‘Isabella’ Review: Matías Piñeiro’s Take on ‘Measure for Measure’ Suggests He’s Ready to Leave Shakespeare Behind

‘Isabella’ Review: Matías Piñeiro’s Take on ‘Measure for Measure’ Suggests He’s Ready to Leave Shakespeare Behind
For those unfamiliar with Matías Piñeiro’s beguiling series of post-modern Shakespeare riffs, “Isabella” probably isn’t the best place to start.

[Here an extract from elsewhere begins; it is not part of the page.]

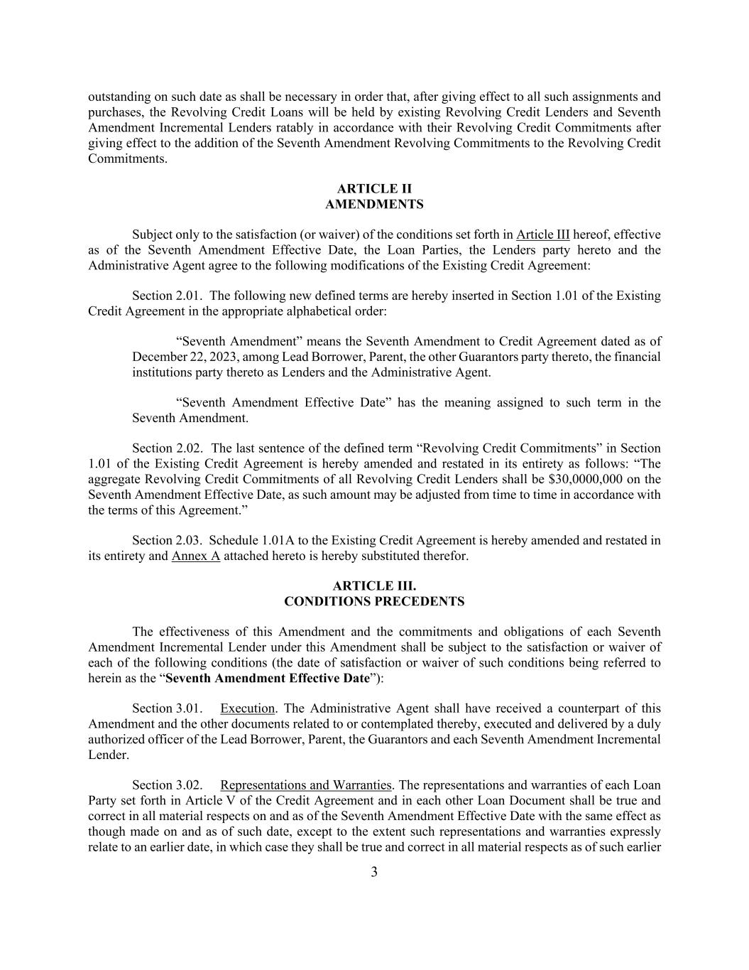 3 outstanding on such date as shall be necessary in order that, after giving effect to all such assignments and purchases, the Revolving Credit Loans will be held by existing Revolving Credit Lenders and Seventh Amendment Incremental Lenders ratably in accordance with their Revolving Credit Commitments after giving effect to the addition of the Seventh Amendment Revolving Commitments to the Revolving Credit Commitments. ARTICLE II AMENDMENTS Subject only to the satisfaction (or waiver) of the conditions set forth in Article III hereof, effective as of the Seventh Amendment Effective Date, the Loan Parties, the Lenders party hereto and the Administrative Agent agree to the following modifications of the Existing Credit Agreement: Section 2.01. The following new defined terms are hereby inserted in Section 1.01 of the Existing Credit Agreement in the appropriate alphabetical order: “Seventh Amendment” means the Seventh Amendment to Credit Agreement dated as of December 22, 2023, among Lead Borrower, Parent, the other Guarantors party thereto, the financial institutions party thereto as Lenders and the Administrative Agent. “Seventh Amendment Effective Date” has the meaning assigned to such term in the Seventh Amendment. Section 2.02. The last sentence of the defined term “Revolving Credit Commitments” in Section 1.01 of the Existing Credit Agreement is hereby amended and restated in its entirety as follows: “The aggregate Revolving Credit Commitments of all Revolving Credit Lenders shall be $30,0000,000 on the Seventh Amendment Effective Date, as such amount may be adjusted from time to time in accordance with the terms of this Agreement.” Section 2.03. Schedule 1.01A to the Existing Credit Agreement is hereby amended and restated in its entirety and Annex A attached hereto is hereby substituted therefor. ARTICLE III. CONDITIONS PRECEDENTS The effectiveness of this Amendment and the commitments and obligations of each Seventh Amendment Incremental Lender under this Amendment shall be subject to the satisfaction or waiver of each of the following conditions (the date of satisfaction or waiver of such conditions being referred to herein as the “Seventh Amendment Effective Date”): Section 3.01. Execution. The Administrative Agent shall have received a counterpart of this Amendment and the other documents related to or contemplated thereby, executed and delivered by a duly authorized officer of the Lead Borrower, Parent, the Guarantors and each Seventh Amendment Incremental Lender. Section 3.02. Representations and Warranties. The representations and warranties of each Loan Party set forth in Article V of the Credit Agreement and in each other Loan Document shall be true and correct in all material respects on and as of the Seventh Amendment Effective Date with the same effect as though made on and as of such date, except to the extent such representations and warranties expressly relate to an earlier date, in which case they shall be true and correct in all material respects as of such earlier

Another sensual and freeform meditation on the subjectivity of the Bard’s women and the actresses who play them, the Argentinian filmmaker’s latest isn’t any more abstract than its predecessors “Viola,” “Hermia & Helena,” and “The Princess of France” (though it certainly isn’t any more accessible), but its inviting lushness and color are offset by a sense of finality, as if Piñeiro is reaching the end of a decade-long infatuation and looking for the strength to pull the ripcord.

His movies stubbornly resist the word “about” in all but the most abstract meaning of the word, but “Isabella” all but announces itself as a tale of uncertainty; an interest that it borrows from the Shakespearean “comedy” that possesses Piñeiro’s contemporary Argentinian women like a wandering spirit.